OPINIÃO

Smartpeople vs. smartphones

06/07/2015 17:26 -03 | Atualizado 26/01/2017 22:38 -02
Shutterstock / Fabiana Ponzi

Todo mundo detesta conversar com alguém que fica olhando no celular direto. Todo mundo conversa com as pessoas olhando no celular direto. É uma doença da sociedade moderna, dessas contagiosas como foi a praga na Idade Média. Você encontra alguém que adquiriu um smartphone e a pessoa está um saco, toda hora olhando no celular, até o dia em que você adquire um e se torna também uma pessoa que não consegue mais estar em lugar algum. Eles venceram, os smartphones. E você passou a integrar a classe de pessoas que estão presentes de corpo, mas com a alma em outro lugar.

Pode parecer exagero ou esoterismo essa coisa de separar corpo de alma, mas é isso mesmo. O corpo da pessoa está ali, mas ela não quer estar ali.

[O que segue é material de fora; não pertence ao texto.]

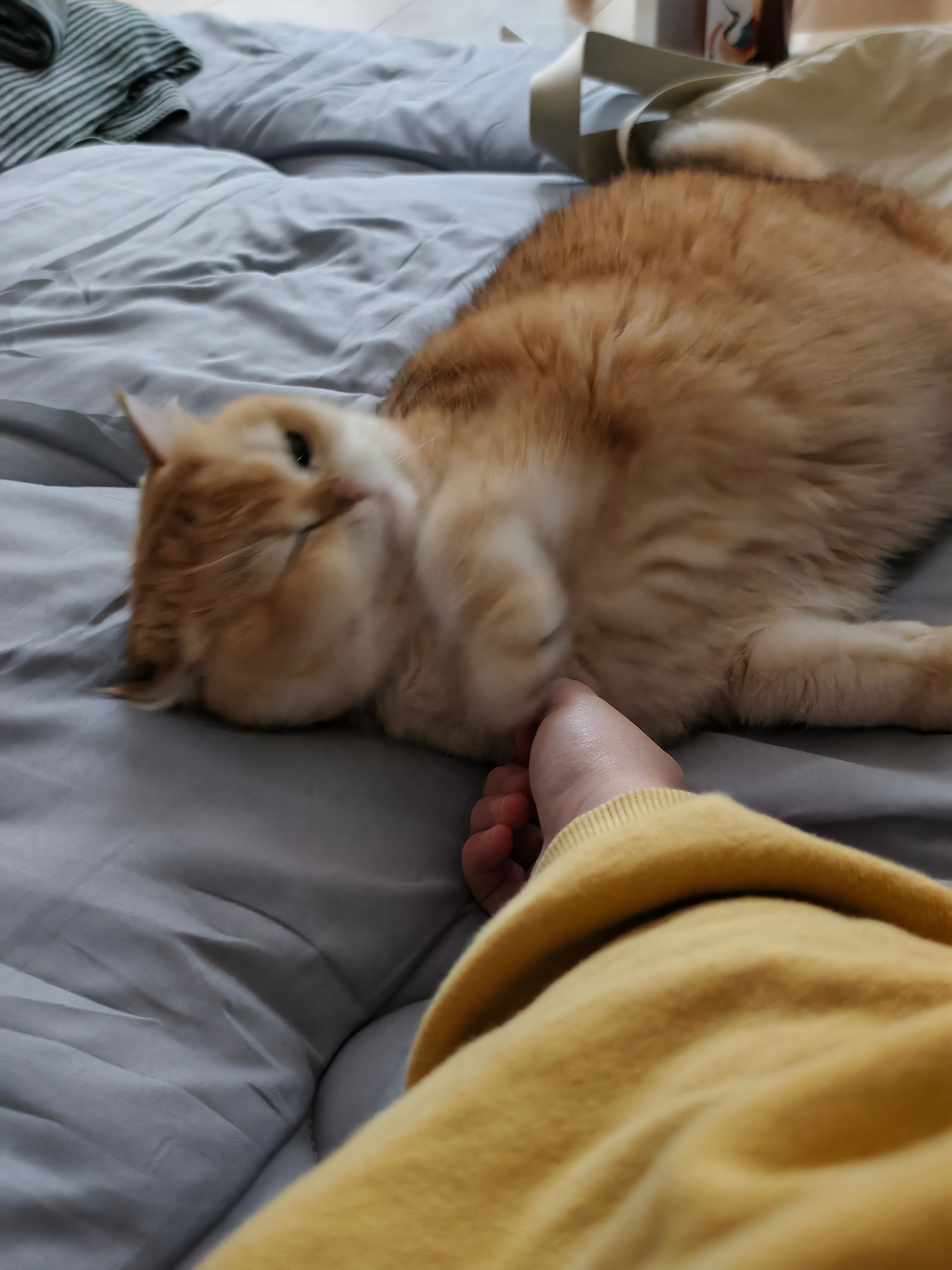 陪孩子玩地毯,聪明的小菇直接从源头捕猎我的手,直接嗷呜一口只有傻猫才能玩好久。
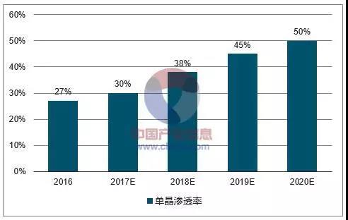 2020 年單晶光伏電站滲透率將達(dá)到 50%。對于分布式光伏來說,單晶組件具備集約 化、美觀性、高收益性等多項特點,“十三五”期間分布式光伏的巨大增長空間將進(jìn)一 步刺激單晶技術(shù)的大規(guī)模應(yīng)用,從而對單晶產(chǎn)能構(gòu)成極大需求。單晶滲透率的提升速度在國內(nèi)已經(jīng)超越大家的預(yù)期, 2014-2016 年分別為 5%, 15%,27%。2020 年單晶滲透率可達(dá) 50%。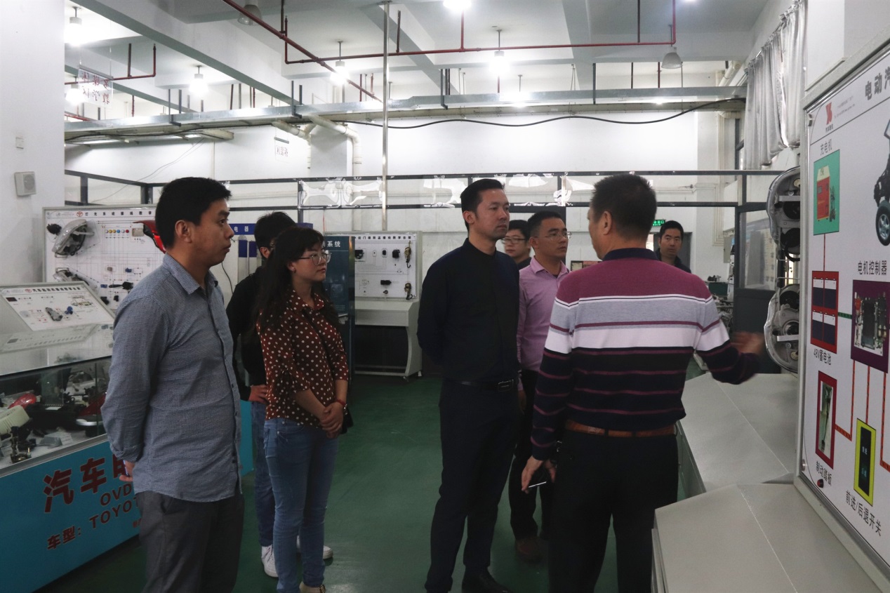 随后,在365官网教师的带领下,河源理工学校教师代表团来到行知楼101新能源汽车技术实训基地参观并作进一步专业交流,共同探讨了新能源汽车专业人才培养模式、专业发展及实训室建设等方面的问题,谋求资源共享、互利互惠的合作交流模式。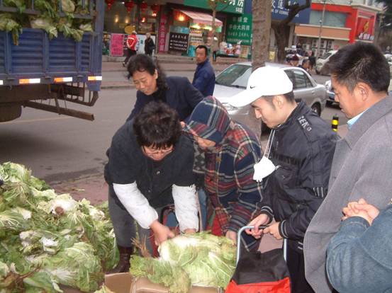 龍山商業街職工和業戶到地頭收購愛心大白菜

Há dentro dela um ímpeto, claramente incontrolável, de olhar regularmente para aquele caixote de plástico repleto de neurotransmissores que pode transportá-la a qualquer instante para o mundo de uma notícia internacional ou de um novo trabalho ou, ainda, para o de uma paquera mais interessante do que a que está no seu entorno.

Antigamente, o jornal chegava pela manhã, lia-se as notícias e depois sabíamos que novas notícias só viriam no dia seguinte. Então, nossa alma descansava do afã de saber as coisas por 24 horas. O carteiro passava em casa uma vez por dia e no resto das horas pouco adiantava ficar olhando pela janela para a esquina de onde ele surgia as 15hs. Os namorados se ligavam pelo telefone fixo e por mais que ficar em casa esperando telefonema pudesse gerar ansiedade, em algum momento saiamos da casa e vivíamos com o fato de que até a volta não haveria notícias.

Com os smartphones, praticamente não há separação entre a novidade e você. A cada segundo, podemos descobrir o que está acontecendo no Oriente Médio e porque Cristiano Araújo morreu. Mensagens de trabalho podem chegar a qualquer momento e a cada segundo que não chegam é como se negativas disparassem na sua direção. Com as paqueras é a mesma coisa... convivemos continuamente com a não ligação, a não mensagem - uma rejeição por segundo. Mesmo quando os smartphones não apitam, as pessoas olham e olham para eles. Desesperadas, verificam se a conexão está estável para ter certeza.

Por causa isso, o mundo empalideceu. Hoje, quando você finalmente sai para jantar com a sua namorada, ou lê a notícia que revelou a causa de morte de Cristiano Araújo ou é notificado que sua entrevista de emprego novo será na terça-feira, há uma sensação de vácuo e você continua engrenado querendo mais. Mais notícias, mais mensagens, mais qualquer coisa que apite. Você continua precisando verificar o celular a cada instante, para saber... você nem sabe mais o que, mas você precisa e você olha. E se não há nada, verifica se a conexão está estável.

Sua namorada, bem ali na sua frente, não parece tão importante quanto quando enviava mensagens que produziam apitos constantes no Whatsup. Ela está presente, falando de algo interessante, mas puxa, será que as ações da Petrobrás caíram mais? Bem que o Jonas podia me mandar um torpedo, só para eu dar uma olhadinha. Ele não manda, mas puxa, que mal há, vou dar uma zapeadinha... e você dá... e no próximo instante, sua namorada descansa o haxi e também dá uma olhadinha. Então, tudo bem... ela estava com vontade também. Você aproveita e verifica seu extrato bancário.

Tudo certo, ela é como eu. Somos feitos um para o outro.